My advice: Cut your losses and move on. There are definitely men out there who will appreciate you exactly the way you are, without a need to change you, or use others to gratify himself. You deserve better!!!


----------



## olivefun (Dec 30, 2005)

Hey Ten,
I agree with a lot of the thoughtful comments from those who've typed here before me, especially Jon and SSR.

The only thing I can add, is there will always be people that want you to be fatter or thinner than you are. The one you chose should be someone that brings out the best in you, makes you feel sexy in the bedroom and comfortable outside. You have to choose this,

Do you want to share time ( or your bed) with someone that wants you to be other than what you are? I don't think so.

If you don't feel wonderful much of the time you are close, then why are you with him?
No one should feel like a second choice when they are with their partner. 

Explore your reasons for wanting to be with this man. Weigh this out carefully. If what you feel when you're with him, dwarfs what you feel when or after he goes surfing, well, look at that.

Best of luck.

This is a good time of year to reflect on your life and make changes in the things you aren't happy about.


----------



## Janet (Dec 30, 2005)

> I am sorry you are going through this. I dont have any advice other than to talk to him about your feelings. That is the best advice i can give because if you let it stew without talking to him about how you feel, you'll let it fester and stew and then EVERYTHING he does will bother you. (comes from personal experience)



Yep, I think that I waited too long to deal with it--and now I'm a little paranoid. This all go started because I found a couple of bulletin board messages. There was a thread in a non-BBW discussion group asking if people would be interested in having sex with a particular hollywood actress regardless that she is fat. My BF responded with a resoundingly eager yes. 

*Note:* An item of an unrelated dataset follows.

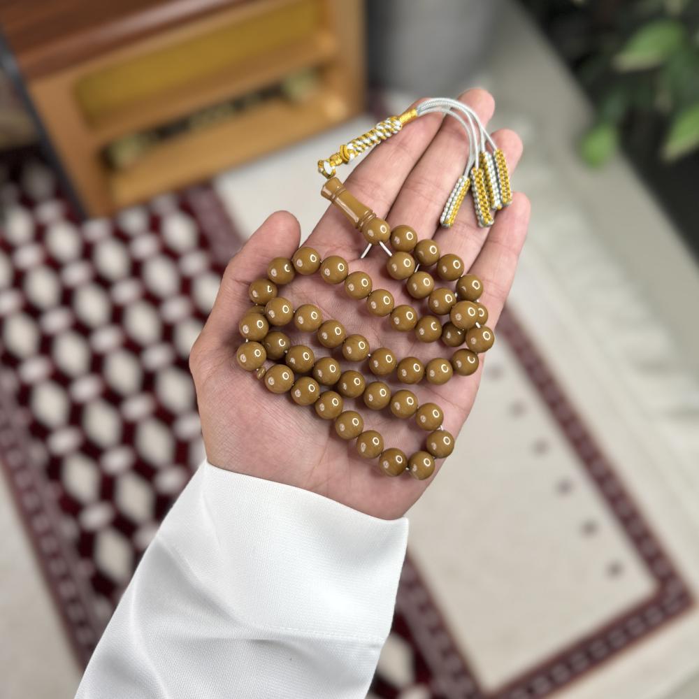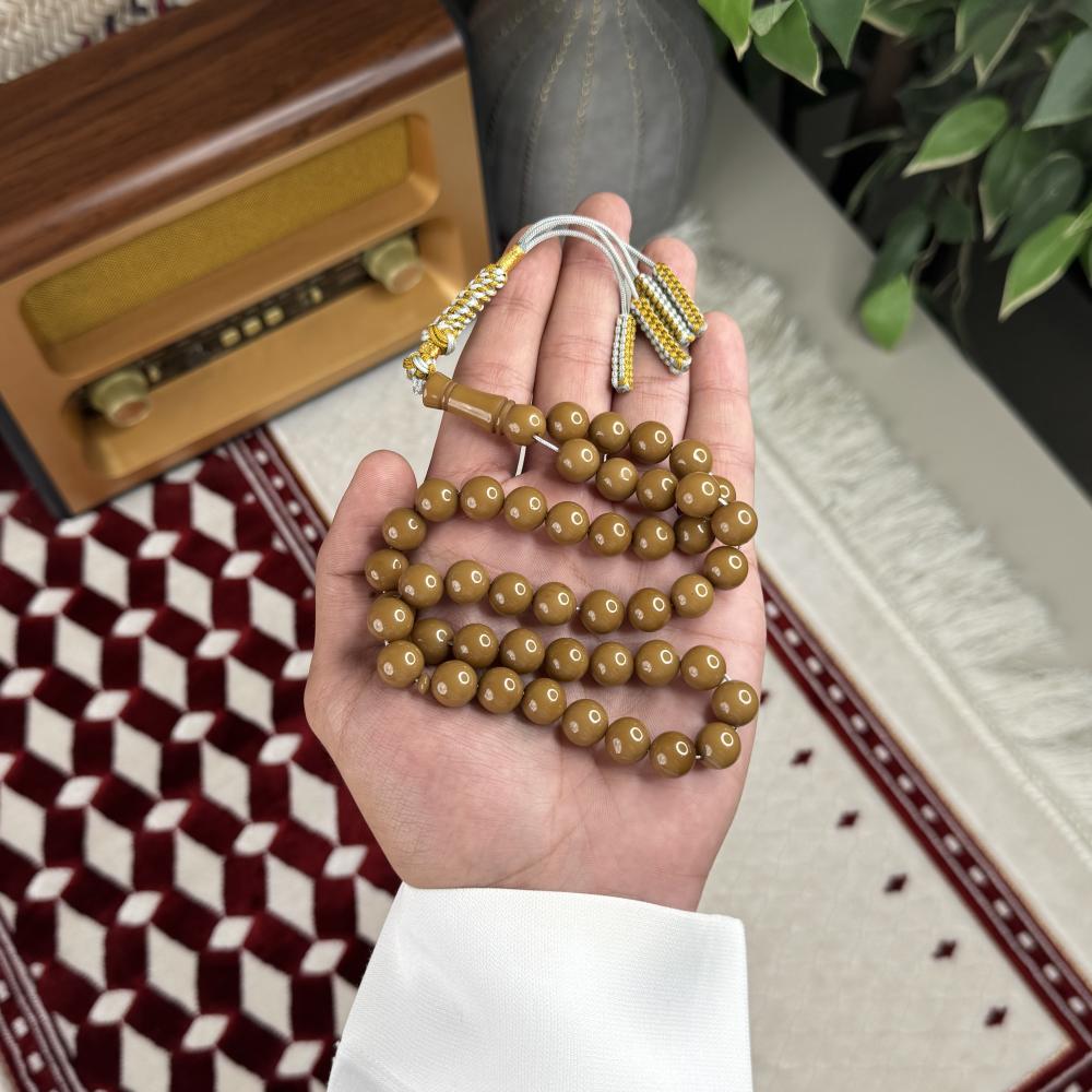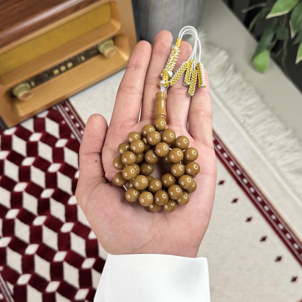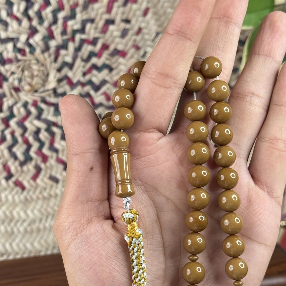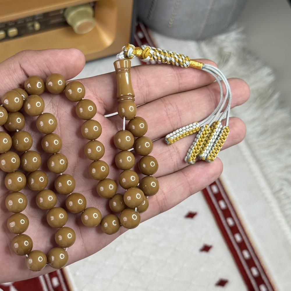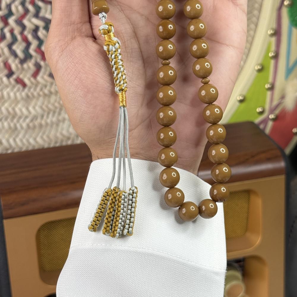 الخامة مايسمى بالبكلايت خفيفة الوزن مصممة للاستخدام اليومي، تتميز بتصميم مريح وأنيق، عليها كركوشة حياكة يدوية مما يعطي السبحة جمال وفخامة.

It was probably pretty harmless because people can anonymously do or say anything on the web and in their fantasies, but it hurt. 

In every other way, he has been caring and loving, gentle and kind. 



> That said, what you need to do is have a heart-to-heart with your FA friend. If he is one who seeks a supersized BBW, you are truly nothing but a stepping stone for him. He may genuinely like you, but his orientation and preference will eventually drive him elsewhere.



It's what he fantasizes about, but when I asked about me gaining, he said that he's happy having a partner who is mobile (outside of the fantasy). I'm happy to gorge myself silly to give him pleasure (heck, I used to do it alone, so it's not a chore), but I'm not prepared to gain anymore. Hottimegan, it was helpful to get your feedback that some men constantly want more.



> My sweetie looks at yahoo groups and this message board once in awhile. I can't freak out. I think it's perfectly normal to seek out and find what one finds attractive. Does he compare you to other women? Does he ever make comments about them in front of you? Does he even look when you're around? Maybe if that aspect makes you uncomfortable, ask him to stop out of respect for your own feelings.



Miss Toodles, this one is tricky. In some ways, I'd rather know what he's thinking, than not know. He has never compared me to anyone--that would be a very clear deal-breaker, but he definitely notices other women, and will sometimes compliment them in my presence. 



> My advice: Cut your losses and move on. There are definitely men out there who will appreciate you exactly the way you are, without a need to change you, or use others to gratify himself. You deserve better!!!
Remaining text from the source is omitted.